• WHAT IS REQUIRED: Repeat the following data exactly, omitting pictures.

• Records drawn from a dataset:
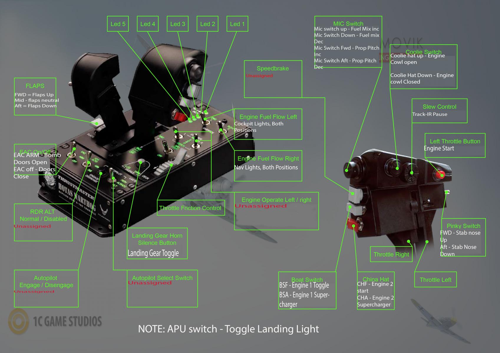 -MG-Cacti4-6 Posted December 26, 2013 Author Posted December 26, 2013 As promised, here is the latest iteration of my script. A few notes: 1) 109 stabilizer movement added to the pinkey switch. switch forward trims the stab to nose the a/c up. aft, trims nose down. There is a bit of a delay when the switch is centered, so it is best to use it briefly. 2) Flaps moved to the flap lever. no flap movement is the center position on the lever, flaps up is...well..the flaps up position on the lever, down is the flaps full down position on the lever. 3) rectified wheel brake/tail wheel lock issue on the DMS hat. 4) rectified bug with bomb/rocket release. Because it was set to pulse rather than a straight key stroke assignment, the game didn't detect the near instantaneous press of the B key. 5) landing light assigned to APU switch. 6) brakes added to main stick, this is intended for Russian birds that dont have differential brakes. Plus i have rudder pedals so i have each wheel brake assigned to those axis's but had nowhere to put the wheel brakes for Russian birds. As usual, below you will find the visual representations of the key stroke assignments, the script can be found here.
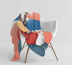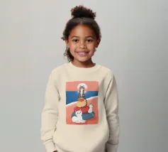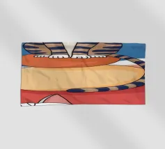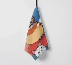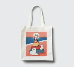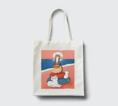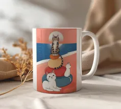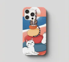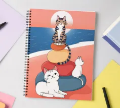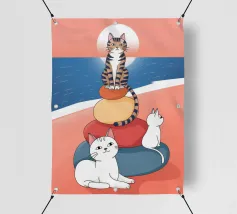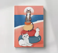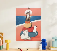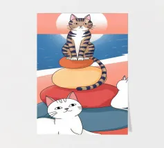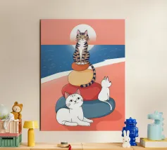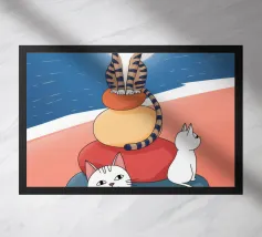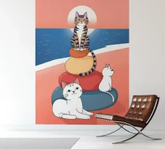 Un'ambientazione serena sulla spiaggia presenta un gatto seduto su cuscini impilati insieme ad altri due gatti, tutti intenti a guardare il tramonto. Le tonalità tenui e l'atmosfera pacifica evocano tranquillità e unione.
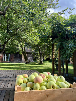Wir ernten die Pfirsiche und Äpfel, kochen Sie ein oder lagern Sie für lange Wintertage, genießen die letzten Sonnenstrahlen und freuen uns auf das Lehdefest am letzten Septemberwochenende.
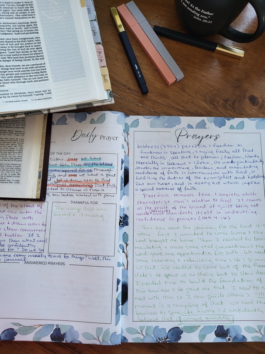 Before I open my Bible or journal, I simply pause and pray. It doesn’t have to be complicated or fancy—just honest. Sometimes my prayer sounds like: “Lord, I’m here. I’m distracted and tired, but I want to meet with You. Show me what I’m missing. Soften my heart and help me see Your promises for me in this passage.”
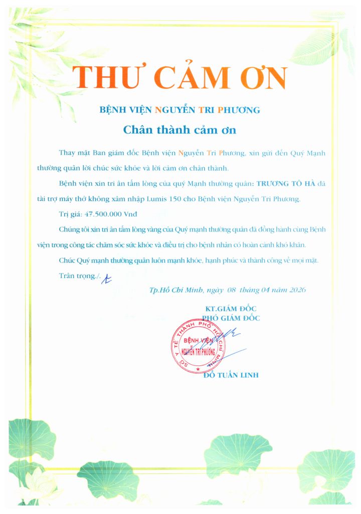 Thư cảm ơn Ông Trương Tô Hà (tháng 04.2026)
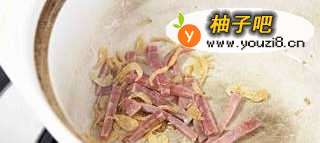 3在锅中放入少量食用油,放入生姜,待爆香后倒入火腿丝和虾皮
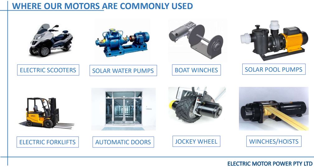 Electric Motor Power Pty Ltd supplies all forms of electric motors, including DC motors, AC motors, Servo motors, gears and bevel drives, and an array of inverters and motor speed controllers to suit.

• YOUR RESPONSE:
 -MG-Cacti4-6 Posted December 26, 2013 Author Posted December 26, 2013 As promised, here is the latest iteration of my script. A few notes: 1) 109 stabilizer movement added to the pinkey switch. switch forward trims the stab to nose the a/c up. aft, trims nose down. There is a bit of a delay when the switch is centered, so it is best to use it briefly. 2) Flaps moved to the flap lever. no flap movement is the center position on the lever, flaps up is...well..the flaps up position on the lever, down is the flaps full down position on the lever. 3) rectified wheel brake/tail wheel lock issue on the DMS hat. 4) rectified bug with bomb/rocket release. Because it was set to pulse rather than a straight key stroke assignment, the game didn't detect the near instantaneous press of the B key. 5) landing light assigned to APU switch. 6) brakes added to main stick, this is intended for Russian birds that dont have differential brakes. Plus i have rudder pedals so i have each wheel brake assigned to those axis's but had nowhere to put the wheel brakes for Russian birds. As usual, below you will find the visual representations of the key stroke assignments, the script can be found here.
 Un'ambientazione serena sulla spiaggia presenta un gatto seduto su cuscini impilati insieme ad altri due gatti, tutti intenti a guardare il tramonto. Le tonalità tenui e l'atmosfera pacifica evocano tranquillità e unione.
Wir ernten die Pfirsiche und Äpfel, kochen Sie ein oder lagern Sie für lange Wintertage, genießen die letzten Sonnenstrahlen und freuen uns auf das Lehdefest am letzten Septemberwochenende.
 Before I open my Bible or journal, I simply pause and pray. It doesn’t have to be complicated or fancy—just honest. Sometimes my prayer sounds like: “Lord, I’m here. I’m distracted and tired, but I want to meet with You. Show me what I’m missing. Soften my heart and help me see Your promises for me in this passage.”
 Thư cảm ơn Ông Trương Tô Hà (tháng 04.2026)
 3在锅中放入少量食用油,放入生姜,待爆香后倒入火腿丝和虾皮
 Electric Motor Power Pty Ltd supplies all forms of electric motors, including DC motors, AC motors, Servo motors, gears and bevel drives, and an array of inverters and motor speed controllers to suit.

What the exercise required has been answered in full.